## [WHAT YOU SHOULD DO]
Apart from the pictures, every line below is to be set down exactly.

········

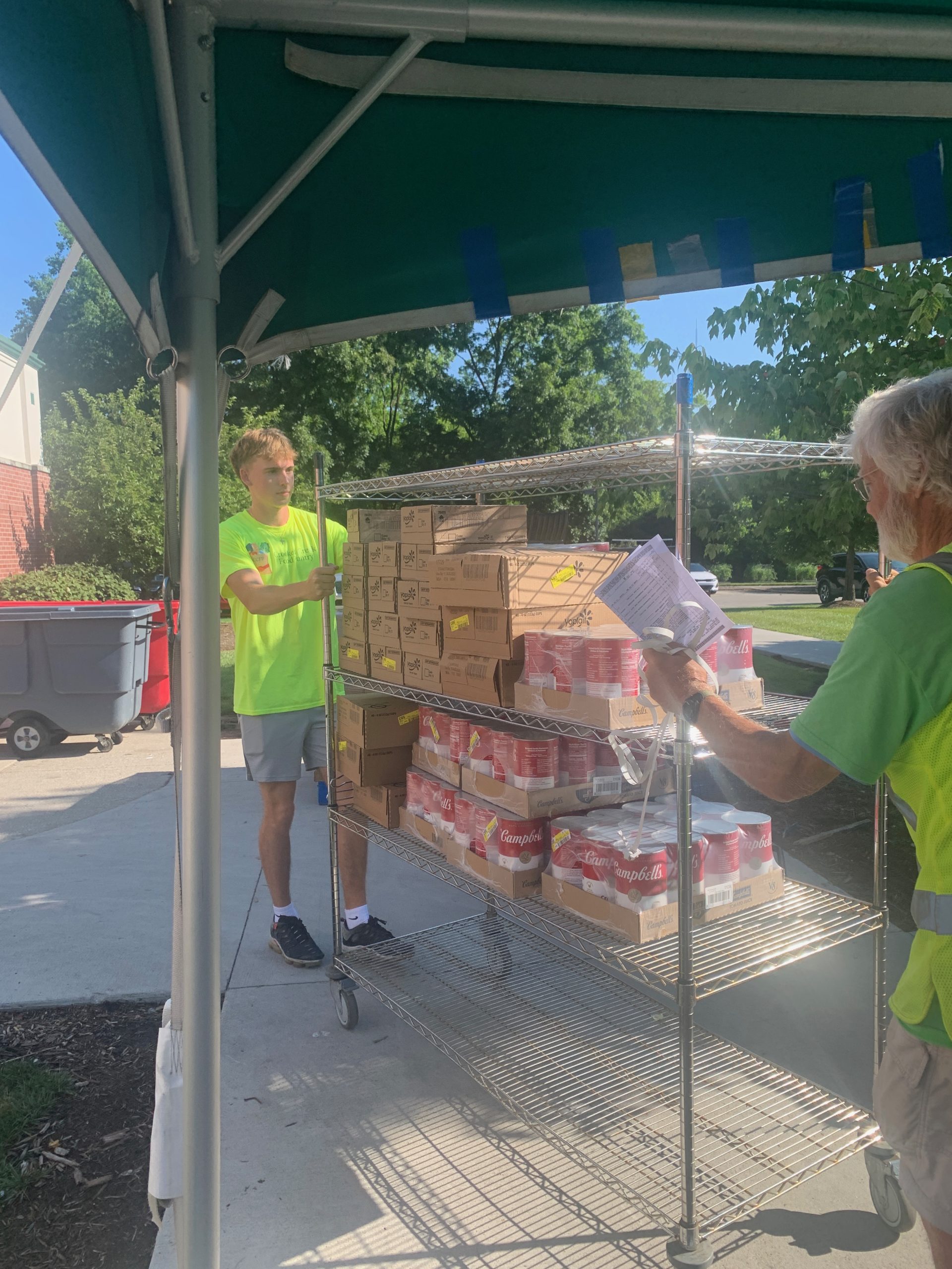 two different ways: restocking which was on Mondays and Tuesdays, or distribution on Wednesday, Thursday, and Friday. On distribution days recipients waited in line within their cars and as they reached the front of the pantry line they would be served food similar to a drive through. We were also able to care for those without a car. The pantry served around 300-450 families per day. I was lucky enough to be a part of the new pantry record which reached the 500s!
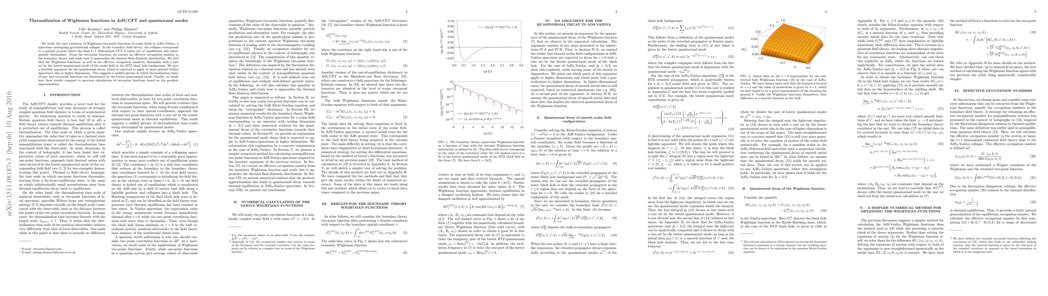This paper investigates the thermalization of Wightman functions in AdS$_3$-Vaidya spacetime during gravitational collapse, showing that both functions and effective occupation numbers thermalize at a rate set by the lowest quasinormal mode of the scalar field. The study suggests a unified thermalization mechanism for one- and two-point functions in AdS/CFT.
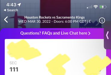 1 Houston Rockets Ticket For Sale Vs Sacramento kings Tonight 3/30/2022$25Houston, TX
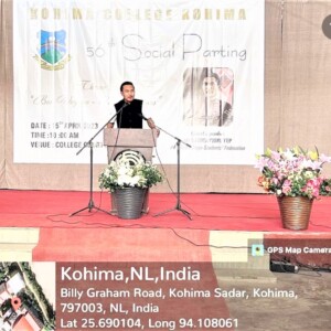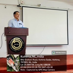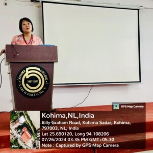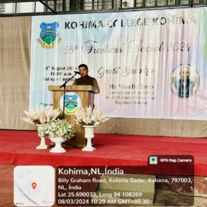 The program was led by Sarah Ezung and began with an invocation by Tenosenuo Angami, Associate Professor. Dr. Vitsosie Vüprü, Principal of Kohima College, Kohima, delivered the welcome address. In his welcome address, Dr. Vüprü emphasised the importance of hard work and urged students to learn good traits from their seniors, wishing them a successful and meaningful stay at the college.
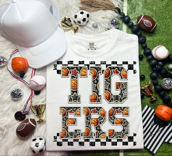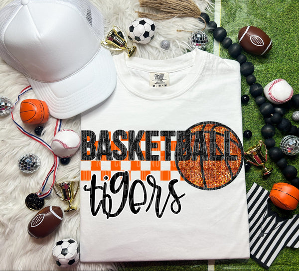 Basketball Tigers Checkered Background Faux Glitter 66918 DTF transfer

········

## [RESPONSE AREA]
 two different ways: restocking which was on Mondays and Tuesdays, or distribution on Wednesday, Thursday, and Friday. On distribution days recipients waited in line within their cars and as they reached the front of the pantry line they would be served food similar to a drive through. We were also able to care for those without a car. The pantry served around 300-450 families per day. I was lucky enough to be a part of the new pantry record which reached the 500s!
This paper investigates the thermalization of Wightman functions in AdS$_3$-Vaidya spacetime during gravitational collapse, showing that both functions and effective occupation numbers thermalize at a rate set by the lowest quasinormal mode of the scalar field. The study suggests a unified thermalization mechanism for one- and two-point functions in AdS/CFT.
 1 Houston Rockets Ticket For Sale Vs Sacramento kings Tonight 3/30/2022$25Houston, TX
 The program was led by Sarah Ezung and began with an invocation by Tenosenuo Angami, Associate Professor. Dr. Vitsosie Vüprü, Principal of Kohima College, Kohima, delivered the welcome address. In his welcome address, Dr. Vüprü emphasised the importance of hard work and urged students to learn good traits from their seniors, wishing them a successful and meaningful stay at the college.
 Basketball Tigers Checkered Background Faux Glitter 66918 DTF transfer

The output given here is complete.